> _Data provided_
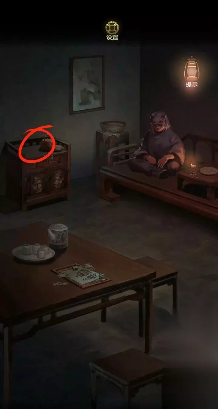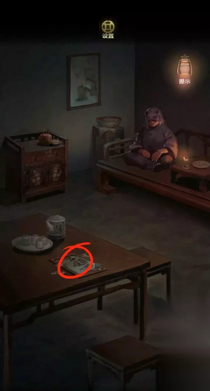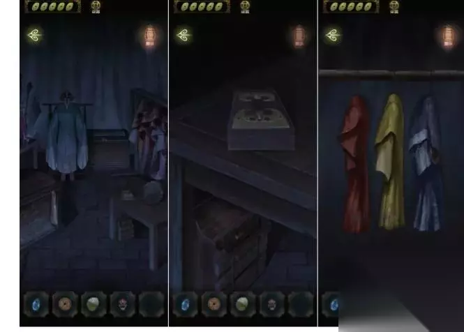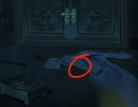 这时候探索场景,发现相入可以进去后台,桌子上有盒子,桌子下有带锁的盒子。大箱子可以藏人,旁边的衣服是蓝红黄三色,还有一个锁住的大箱子。桌子上的盒子开关圆圆的,之前获得的铜钱可以放在上面。
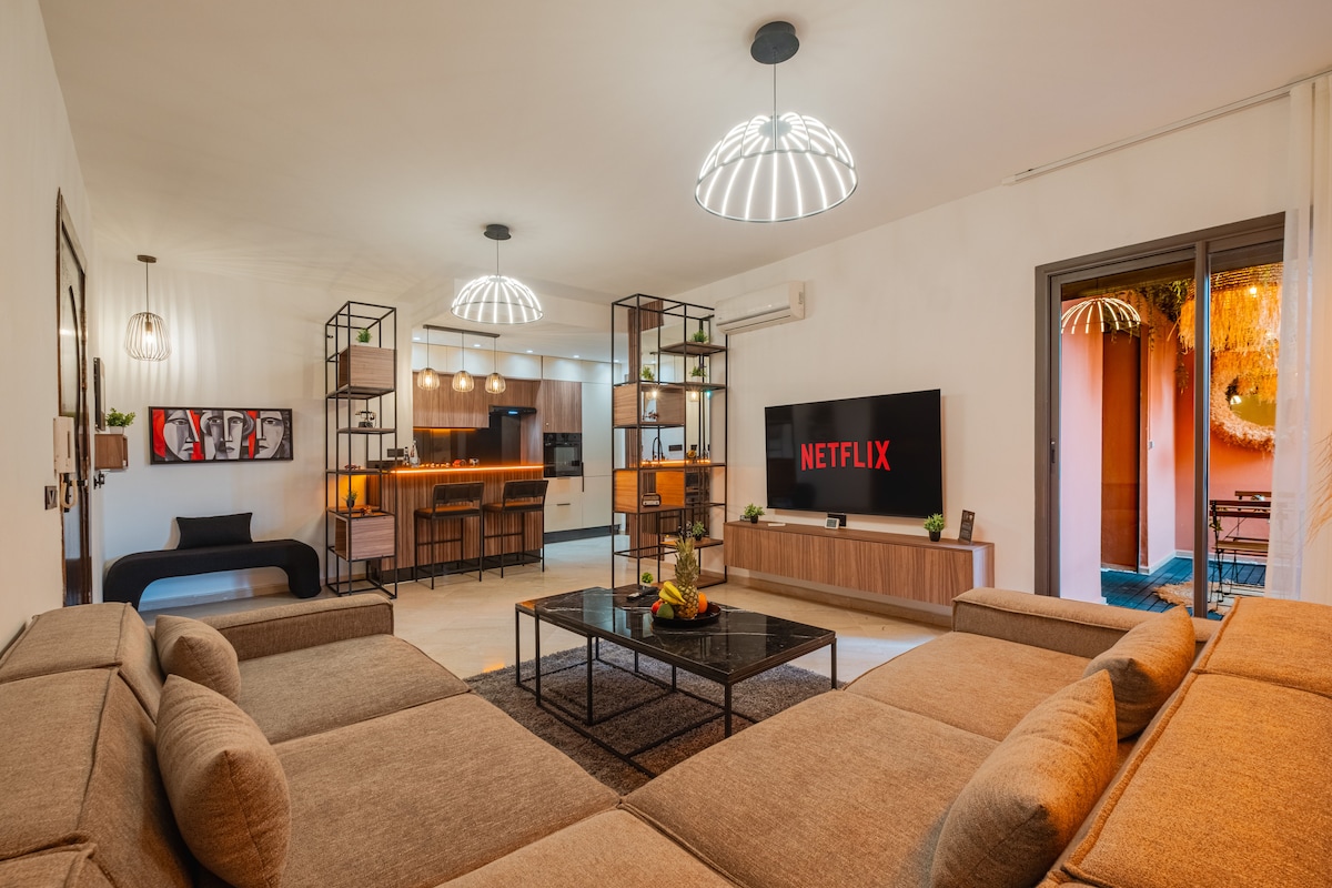Bienvenido a un exquisito santuario urbano en el vibrante distrito de Gueliz de Marrakech, donde el confort contemporáneo se mezcla a la perfección con la refinada elegancia marroquí. Diseñado cuidadosamente y bellamente decorado, este departamento coloca a los viajeros más exigentes a pocos minutos de los mejores cafés de la ciudad, restaurantes gourmet, boutiques de diseñadores y animada vida nocturna, todo a un corto paseo de distancia.
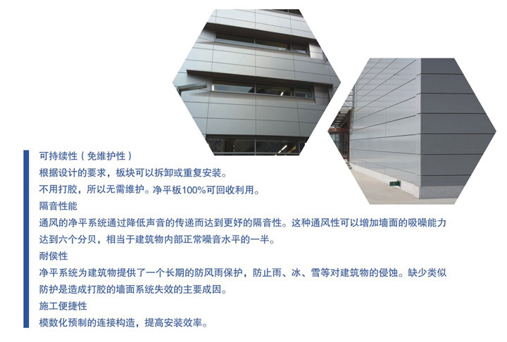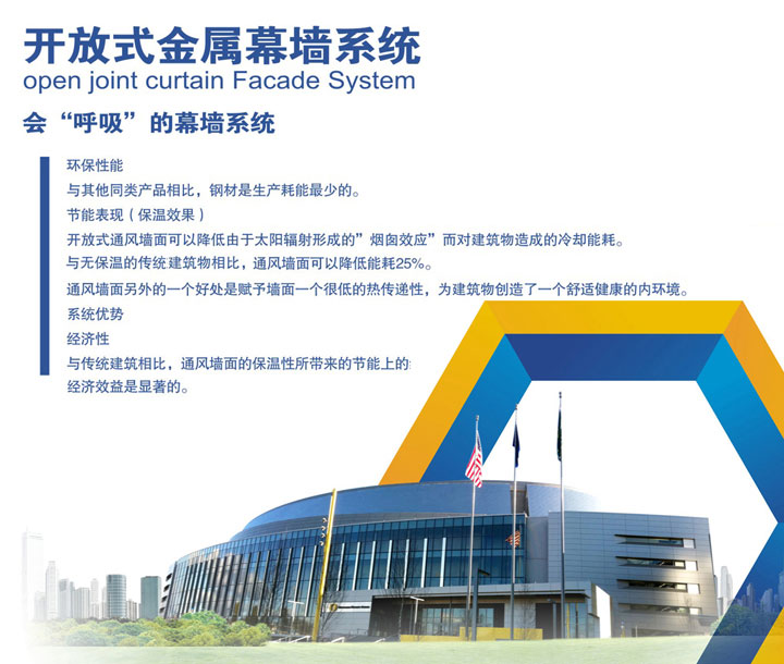 • 凈平開放式金屬幕墻系統(tǒng)----模數(shù)化的預(yù)制構(gòu)造,使安裝更便捷,效率更高。

> _What this task involves_
All of the lines above should be copied exactly, apart from the pictures.

> _Answer to the problem_
 这时候探索场景,发现相入可以进去后台,桌子上有盒子,桌子下有带锁的盒子。大箱子可以藏人,旁边的衣服是蓝红黄三色,还有一个锁住的大箱子。桌子上的盒子开关圆圆的,之前获得的铜钱可以放在上面。
Bienvenido a un exquisito santuario urbano en el vibrante distrito de Gueliz de Marrakech, donde el confort contemporáneo se mezcla a la perfección con la refinada elegancia marroquí. Diseñado cuidadosamente y bellamente decorado, este departamento coloca a los viajeros más exigentes a pocos minutos de los mejores cafés de la ciudad, restaurantes gourmet, boutiques de diseñadores y animada vida nocturna, todo a un corto paseo de distancia.
 • 凈平開放式金屬幕墻系統(tǒng)----模數(shù)化的預(yù)制構(gòu)造,使安裝更便捷,效率更高。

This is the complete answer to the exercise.